I think this is an important question.

If we could somehow charge a fee for every BGP changed
advertisement, perhaps scaling it in some way to reflect how much it
ripples through the whole system, and then returned a major
proportion of that fee to the folks who run DFZ routers, then we
could keep some kind of damper on the growth in the number of DFZ
routes.

Even if we could, the current BGP management system does not suit
the needs of many end-users, because it only deals with IPv4 address
space in chunks of 256 addresses.  (Actually, with the above
charging scheme, it would probably be OK to get rid of the /24
filtering and allow people to advertise prefixes as long as /32 -
they would still be paying a fee per prefix and per change of the
prefix's advertisement.)

In order to meet the needs of millions to billions of end-users, we
need to slice and dice address space very finely - and that large
number of separate prefixes is  what we are trying to avoid in the
global BGP system.

There are practical reasons why it is difficult or impossible to
introduce such charges for BGP advertisements and changes.  They are
physically introduced at multiple places all over the Net.  There is
no centralised gateway or authentication system which can tell BGP
routers which advertisements are approved and which are not.  So
charging could not be on a "turnstile" basis - pay per action - but
would have to be done on some kind of survey basis: monitoring
changes and invoicing whoever seemed to have made them.  This would
be extraordinarily messy and open to abuse.
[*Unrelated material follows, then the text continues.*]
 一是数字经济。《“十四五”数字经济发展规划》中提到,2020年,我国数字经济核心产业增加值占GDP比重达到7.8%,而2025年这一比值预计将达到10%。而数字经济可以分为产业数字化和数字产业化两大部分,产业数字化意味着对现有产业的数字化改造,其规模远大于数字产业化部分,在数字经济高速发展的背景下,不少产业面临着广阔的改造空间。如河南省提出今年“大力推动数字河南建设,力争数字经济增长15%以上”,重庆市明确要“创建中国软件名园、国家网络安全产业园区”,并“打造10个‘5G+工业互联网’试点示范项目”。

With Ivip, charging on a turnstile basis is quite simple.  There is
(in the current model I am developing) one global stream of updates,
put together by multiple RUASes working together.  Each RUAS is
responsible for one or more MABs.  If an end-user wants their
mapping change sent out to the ITRDs and QSDs of the world, they
need to do it through this RUAS.  Whether they deal with the RUAS
directly or through one or more intermediary UASes doesn't really
matter.  The RUAS won't propagate the mapping change unless it knows
it will be paid for it.


> would the migration difficulty of doing this be harder or easier
> than Ivip? 

Charging for BGP updates would be a band-aid solution, whereas Ivip
provides lasting benefits including a new form of widely usable
mobility, fast control of load balancing, very fine slicing and
dicing of address space etc.  It is not clear how anyone could
reliably charge end-users for BGP updates.
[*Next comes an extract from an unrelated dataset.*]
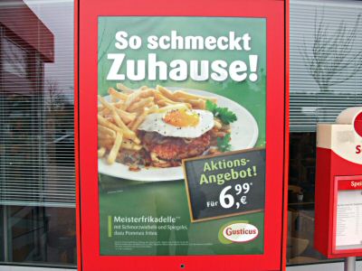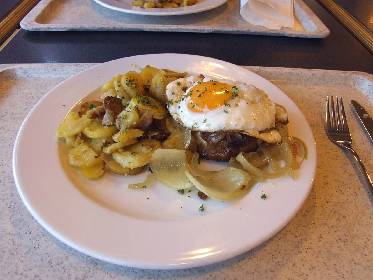 Die Frikadelle war frittiert und hatte eine unangenehm fest pappige Konsistenz, geschmacklich war sie eher neutral. Dazu gab es Bratkartoffeln, die alles andere als knusprig waren, kein Wunder, sie lagen schon eine Weile in der Auslage und geschmorte Zwiebeln. Das Spiegelei war wenigstens frisch. Allenfalls ganz lecker, aber was will man von einer Imbißkette auch erwarten.

> (*) Similarly, 'charge' wouldn't have to mean '£ money
> per msg'; in fact, you could think of today's route flap damping
> as a form of charging, and this would just be a bit more
> sophisticated.

Route flap damping is a pretty ugly form of disincentive, since it
is a problematic algorithm, distributed over the network in the form
of router software and configuration items.  Furthermore, route flap
damping can't necessarily reliably distinguish between changes which
are (however decided) "legitimate" and "unreasonable, undesirable,
unwanted - to be suppressed".


> I have a slightly unfocussed concern about introducing a new
> 'layer' of the ITR-ETRs (unfocussed meaning I can't quite put my
> finger on it, so it's hopefully wrong). Basically, in addition to
> today's inter-domain 'cloud' we have on top an ITR-ETR cloud.
> Does this effectively add another layer of policy control,
> failure management, fault tracing, perhaps even topology mgt,
> etc? 

I don't think there's anything unfocussed about your concern!

We are planning to introduce a whole new architectural arrangement,
incrementally, but ultimately, ideally ubiquitously.  This will
involve a bunch of ITRs, ETRs and some kind of mapping system.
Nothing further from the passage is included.